There are over 300 different conditions that can cause dwarfism, but achondroplasia is the most common of them. Up to 1 in 15,000 people in the world are affected by it. Those affected have an average adult height of 131 centimetres (4 ft 4 in) for males and 123 centimetres (4 ft) for females, and suffer an increased risk of multiple health conditions.
There may soon be a drug to treat this condition.
Current treatments for achondroplasia (like surgery) are invasive, risky, and only address the symptoms of the condition, not the underlying cause. Vosoritide is an experimental drug that aims to treat the root of the problem. The treatment uses something called a C-type natriuretic peptide, which has been linked to skeletal growth and muscular relaxation.

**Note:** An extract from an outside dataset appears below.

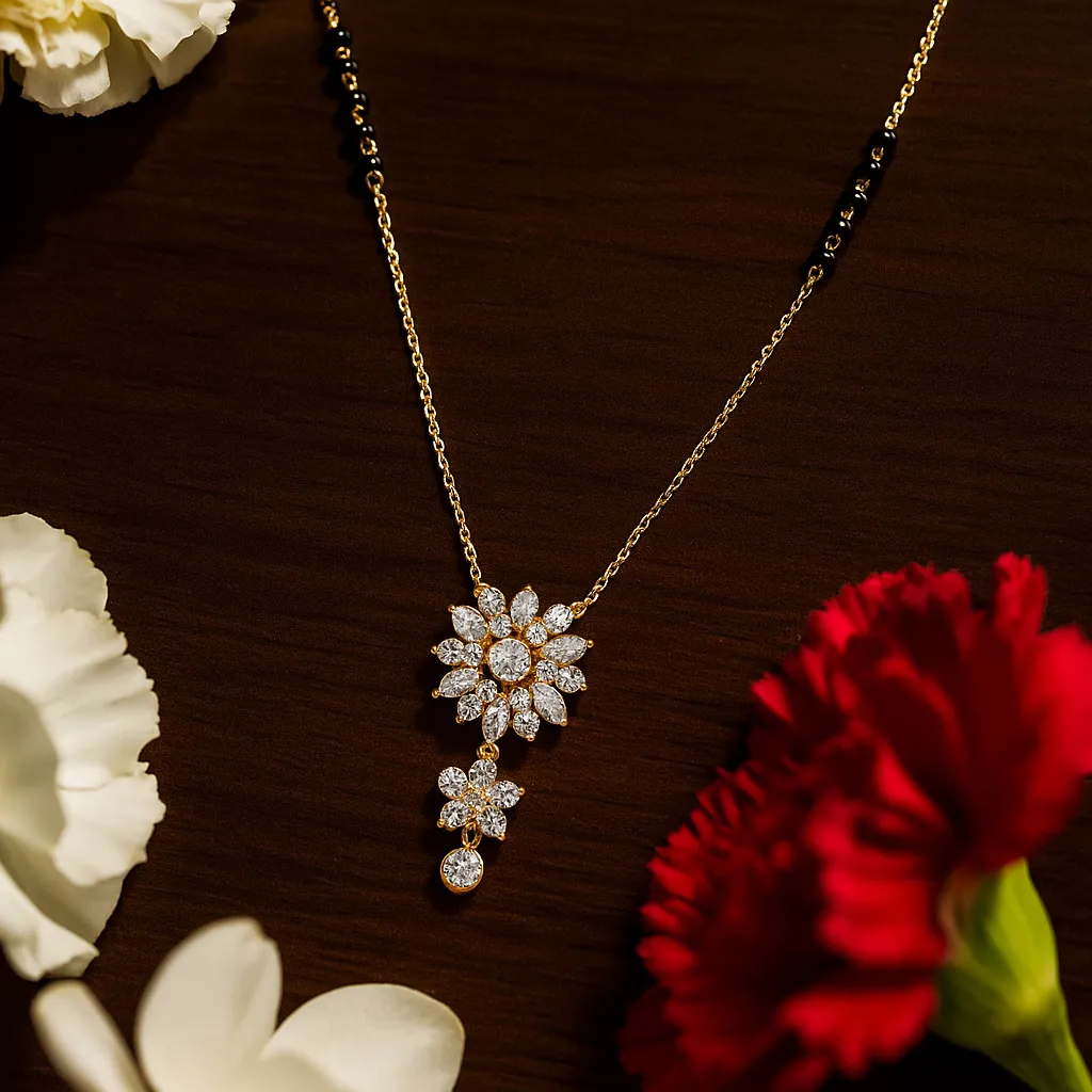 Daisy bloom inspired diamond mangalsutra with drop detailing

In a recent study, the therapy was trialed on 121 children from Australia, Germany, Japan, Spain, Turkey, the USA, and the UK. The children, aged 5 to 14, were split into two groups: one received a vorositide injection, while the others received a placebo. The trial was also double-blind: neither the participants nor the doctors knew who got the real drug and who got the placebo, to eliminate any type of interference.

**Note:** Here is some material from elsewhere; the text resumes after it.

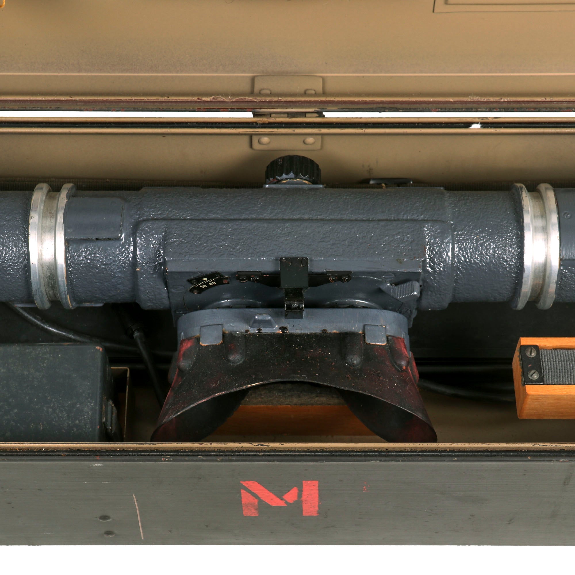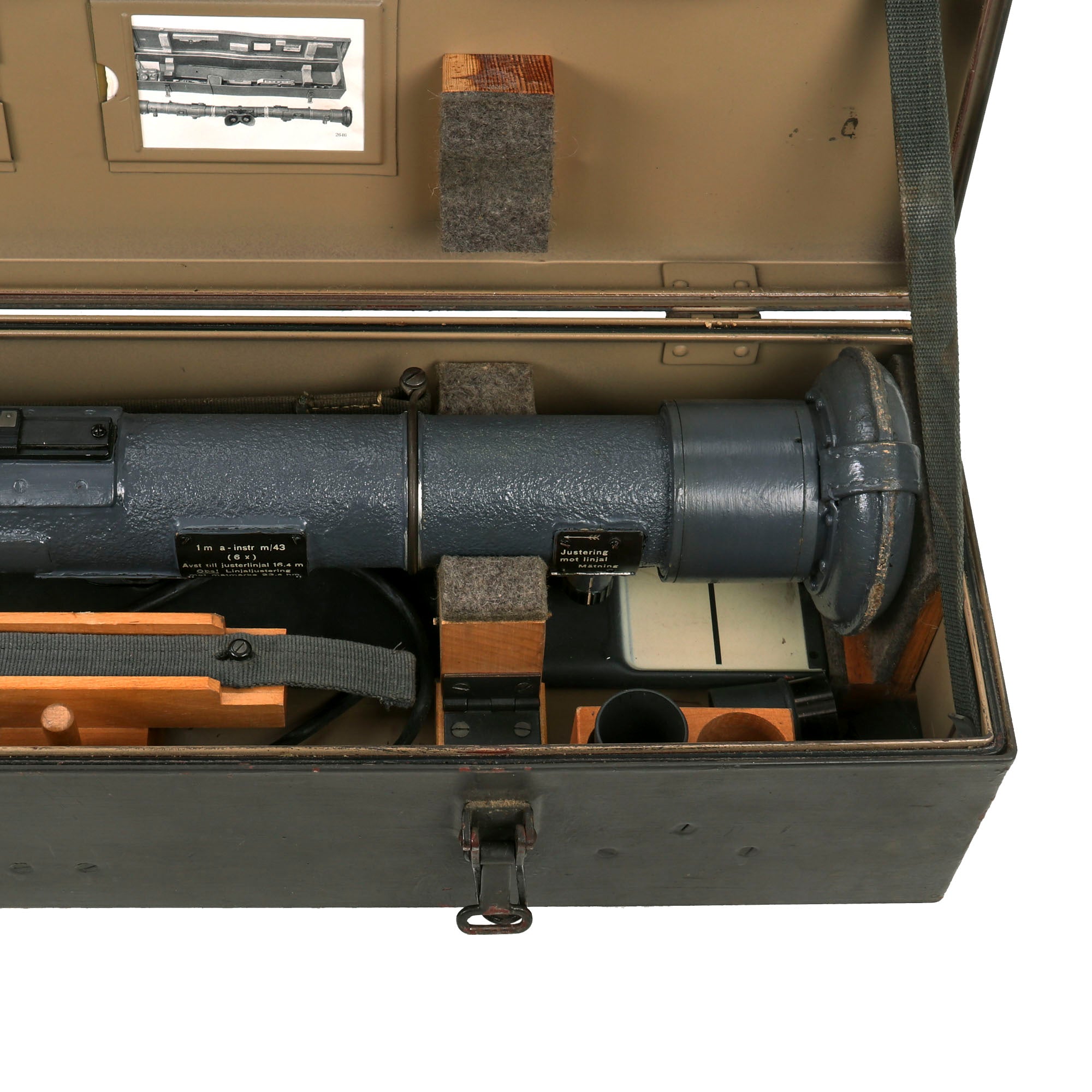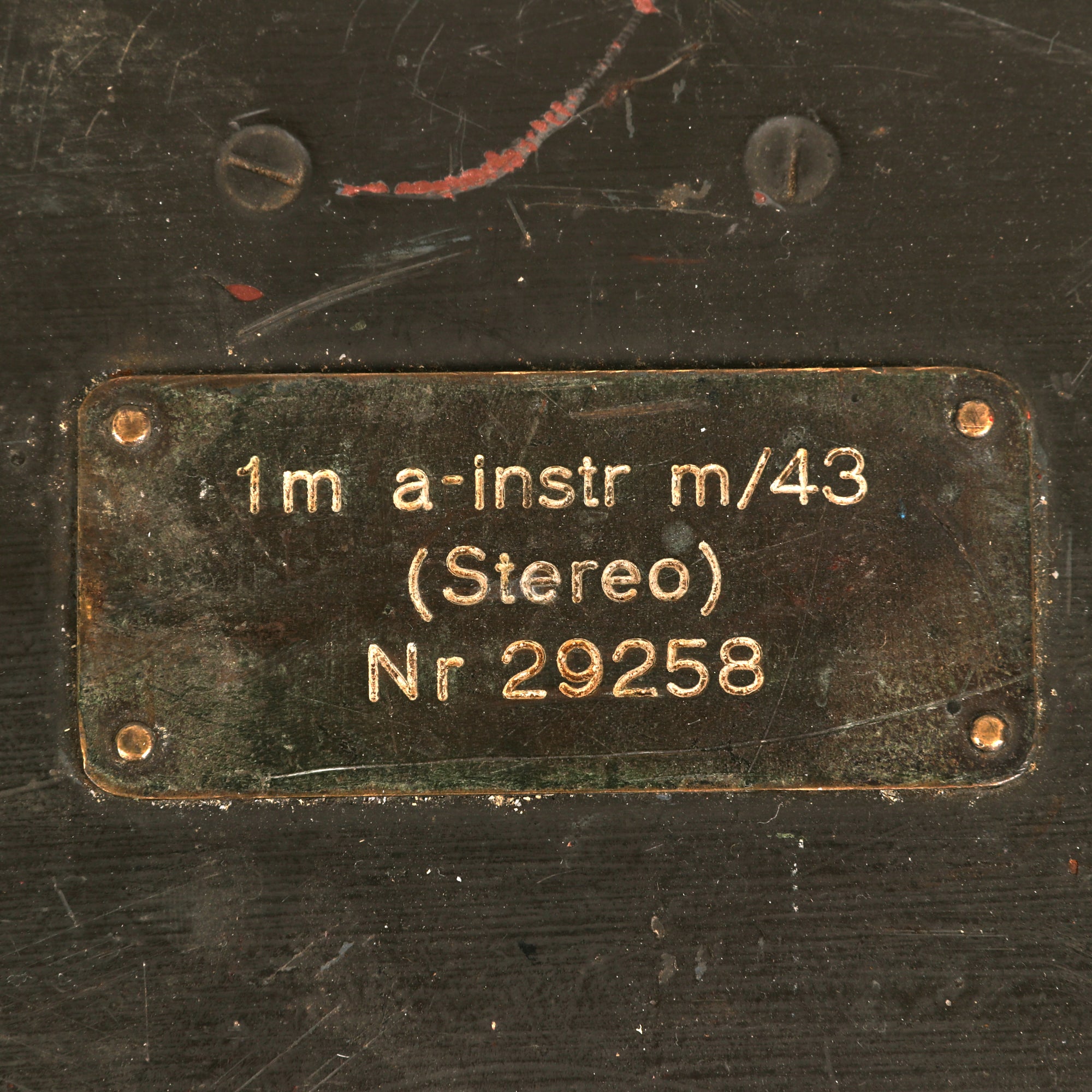 Original Items: Only One Set Available. This is an excellent example of a German WWII Entfernungsmesser 1-meter Raumbild 36 (1936) or "Em 1m R36" rangefinder, complete in its original transit chest. This model was one of the most widely used optical rangefinders in the German Wehrmacht during WWII. In the words of one German source, "A light rangefinder for all branches of the service, especially suitable for moving targets on the ground and in the air". The markings on the rangefinder and chest indicate that it was made for Sweden as their M/43 rangefinder, and all of the data plates on the rangefinder itself are in Swedish.

The 60 children who received daily injections of vosoritide grew an average of 1.57 cm per year more than the children who received placebo. This almost brought them in line with their typically developing peers. However, the trial did not significantly improve the children’s proportion ratios between their upper and lower bodies.
Paul Cohen and Elizabeth Ryan’s daughter, Sarah, was one of the study participants. Sarah was born with achondroplasia and she was one of the very first patients enrolled in the trial and the family was thrilled with the results.
“During the trial we’ve seen Sarah grow up at the same rate as her friends. She can now join in bike rides with her friends, and loves being allowed on our local waterslide,” Mr. Cohen said.
Professor Ravi Savarirayan of the Murdoch Children’s Research Institute (MCRI), who spearheaded the project, is very optimistic about the results.
“This drug is like releasing the handbrake on a car, it lets you get up to full speed instead of having to drive with the brakes on.”
“We know that beyond the cold hard facts and figures around growth rates and bone biology, we have hope that a treatment can improve kids’ health outcomes, social functioning and increase access to their environments. Anecdotally, our patients tell us they now are able to do more stuff like climbing trees, jumping rocks and being more independent generally, which is specific to their experiences.”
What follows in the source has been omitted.